Figure 3.46 : Simulation du critère DSG pour une taille de défaut de (a) 945 µm, (b) 1250 µm

D’un point de vue quantitatif le critère montre que le seul défaut critique pour les deux tailles testées est le défaut 8 et le résultat est en accord avec la cartographie de la taille critique de défaut proposée dans le paragraphe 3.4.

Globalement une approche de ce type, est plus riche d’un point de vue de l’estimation du gradient de contrainte macroscopique étant donné que ce paramètre est calculé de façon autonome et ne dépend pas d’un paramètre spécifique calculé sur éprouvette.

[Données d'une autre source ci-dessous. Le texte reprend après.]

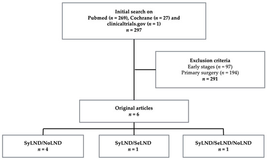 Study selection flowchart. SyLND = systematic lymph node dissection, SeLND = selective lymph node dissection, and NoLND = no lymph node dissection.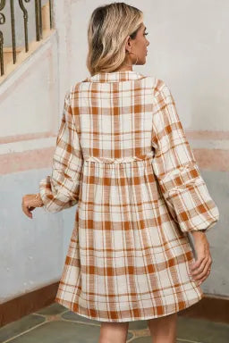 This playful babydoll mini dress features a charming brown plaid pattern and delicate puff sleeves that add a touch of whimsy. The frill detail along the hem brings a flirty flair, while convenient side pockets keep essentials close. Perfect for days when you want to feel effortlessly fun and stylish.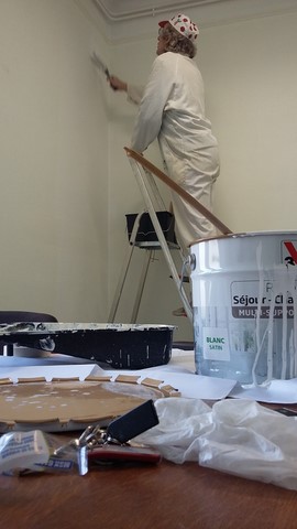 Contrairement aux apparences le printemps sera précoce – pour preuve un vieux chimpanzé de l’espèce bénévolus-collagistikus est remonté sur son escabeau au musée Artcolle. Objectif : ouvrir une seconde salle d’exposition temporaire dès juillet. Merci aux adhérentes & adhérents de l’association Artcolle – grâce à leurs soutient nous avons fait le plein de peinture, et prochainement nous achèterons les rails et cimaises pour cette 5ème nouvelle salle de l’unique musée consacré à l’art du collage.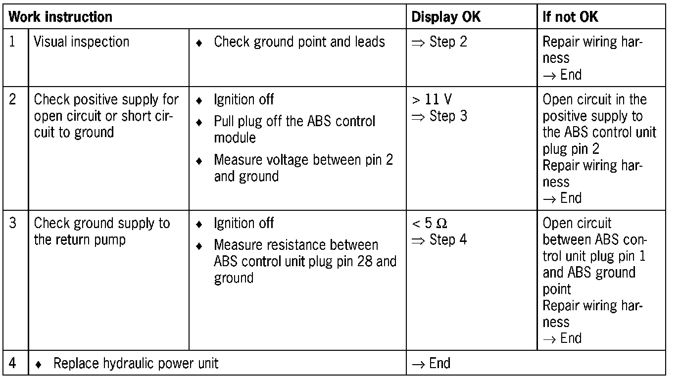 - Short circuit or open circuit in the positive/ground supply to the hydraulic power unit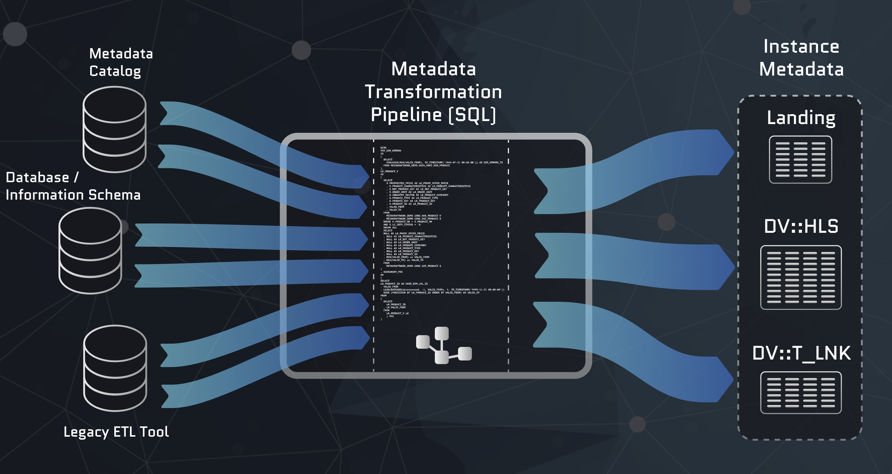 In MetaKraftwerk, views, procedures, and scripts can then be developed to transform the metadata into instance metadata.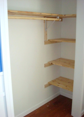 - Дървена конструкция с рафтове с кръгли ъгли, идеални за тесни килери.
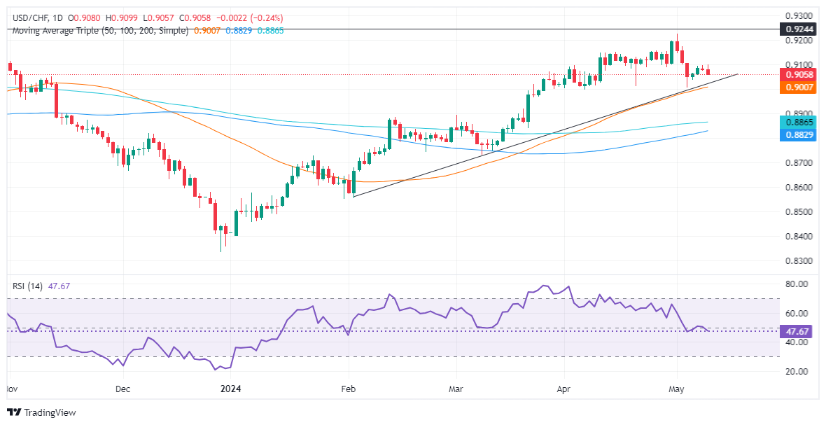 日线图显示,美元/瑞郎呈中性至上行倾向,尽管买家失去动力,如相对强弱指数 (RSI) 转向看跌所示。尽管该货币对在触及年初至今高点 0.9224 后已下跌约 1.80%,但 50 日移动均线汇合处的坚实支撑以及 0.9006/30 附近的支撑趋势线可能会限制该货币对的跌幅。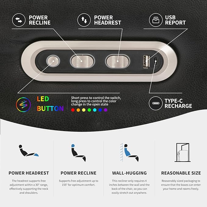 - HOME THEATER SEATING: A long day finally comes home to you and do you need a movie? Or a relaxing game time? Or simply a moment of relaxation and rest? Whatever it is, our home theater seating are perfect for you. 7 colors of light to adjust your atmosphere, Lumbar Pillow, Power recline and Type-C USB charging stations and so much more, you can easily enjoy your family time with the movie theater chairs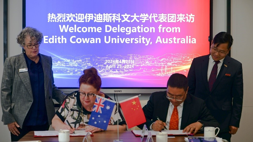 4月25日,澳大利亚伊迪斯科文大学理学院院长Elizabeth Watkin教授、国际部国际关系主任Helen Vella Bonavita、国际部国际合作经理郭凤梅、全球事务拓展与管理经理Marija Petrovska博士一行来校访问。校党委委员、动科动医学院院长宋厚辉,国际处、数计学院、艺术学院和园艺学院等相关负责人与来宾进行了会谈。

Il reste toujours à définir la typologie de gradient à appliquer, ici on propose de calculer le gradient dans une seule direction et de limiter la valeur de la contrainte à appliquer à une distance égale à la taille de défaut. Une approche de ce type, toutefois, n’empêche pas une définition différente du gradient de contrainte, plus complexe, en introduisant aussi la théorie de la distance critique couplé aux effets de gradient [Tovo et al. 2008; Sun et al. 2016].

Comme déjà discuté précédemment, le critère proposé, estime l’état des contraintes autour d’un défaut sphérique en utilisant la théorie de l’inclusion équivalente d’Eshelby, dans la réalité, les défauts naturels ont une forme plutôt complexe comme montré par l’analyse en micro-tomographie RX 3D du paragraphe 3.6. La morphologie complexe des retassures, peut engendrer des effets sur les champs de contraintes autour du défaut qui n’est plus approximable avec une sphère. Des effets de morphologie sont donc à prendre en considération pour pouvoir estimer plus correctement le champ de contraintes à l’échelle du défaut. Dans les travaux de Vincent et al. [Vincent et al. 2014] la théorie d’Eshelby a été appliqué pour calculer l’état de contraintes autour d’un défaut de forme ellipsoïdale qui se prête mieux à approximer le champ complexe autour d’un défaut naturel. Une analyse des effets de la morphologie complexe des défauts naturels de type retassure sera détaillée dans le Chapitre 4. La position du défaut est un autre aspect à prendre en considération étant donné que des paramètres matériaux estimés seulement pour des défauts de surface peuvent ne pas être valables dans le cas d’un effet d’environnement type vide, ces aspects seront traités dans le Chapitre 5.